MEDELLIN, Colombia (ICIS)--Mexico’s president, Enrique Pena Nieto, unveiled on Monday proposals to overhaul the country’s energy sector that will allow profit-sharing agreements between state-run oil company Pemex and private firms.

The proposals, outlined in a 29-page document made available on the presidential website, include controversial changes to articles 27 and 28 of Mexico’s constitution to allow private and foreign investment.

Existing Mexican law limits energy production by foreign companies as equity stakes and joint ventures are prohibited. Instead, Mexico can pay third-party companies through service-type contracts.

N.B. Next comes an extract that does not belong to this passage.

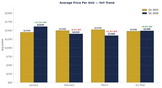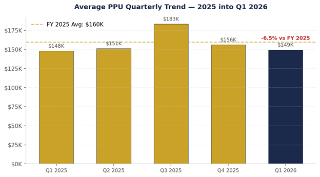 Average PPU — $149,388 YoY Variance — +0.9% ($148,105 in Q1 2025) MoM Trend — $161,595 (Jan) → $140,580 (Feb) → $135,559 (Mar)

The proposals also entail the restructuring of Pemex and its subsidiaries into two divisions: exploration and production; and industrial processing. The president stopped short of yielding state ownership of the country’s energy resources.

“Pemex and CFE (the federal electricity commission) will not be sold nor privatised,” said Pena Nieto in his proposal. “They will continue to be 100% Mexican companies and 100% public companies. Strengthened, competitive and efficient,” he said.

If the measures are approved, crude production could increase from current levels of about 2.5m bbls/day to 3m bbls/day by 2018, and to 3.5m bbls/day by 2025, and double gas production to 10.4 billion cubic feet (bfc) over the same period, the president said.

The proposals would also address Mexico’s dependence on imports of refined products and petrochemicals, which are a result of the country’s “limited refining capacity”, he said.

The proposed changes also seek to improve the transparency and accountability of Pemex, and reduce the company’s tax burden. Mexico’s government currently depends on oil revenues to fund around a third of the federal budget.

It is unclear how the proposals would be received by the Mexican population. Pemex was founded in 1938 following the expropriation of the nation’s hydrocarbon resources, and for many Mexicans, the company embodies the ideal of national independence from foreign intervention.

Protests broke out on Friday at the Pajaritos petrochemical complex against private firm Mexichem’s involvement at the facility, and angry demonstrations rocked Mexico City in July in defence of Pemex. Some commentators are predicting further protests following the president’s announcement.

The opposition Democratic Revolutionary Party (PRD) has said it would oppose any changes to the constitution, and is expected to submit its own energy reform proposals in the coming days, according to the party’s website.

Meanwhile, Pena Nieto will have to depend on the support of his own Institutional Revolutionary Party (PRI) and the conservative National Action Party (PAN) to secure the two-thirds majority he requires to push the bill through the country’s senate.

The proposals would then have to be ratified by 17 of the country’s 32 state legislatures, according to the presidential website.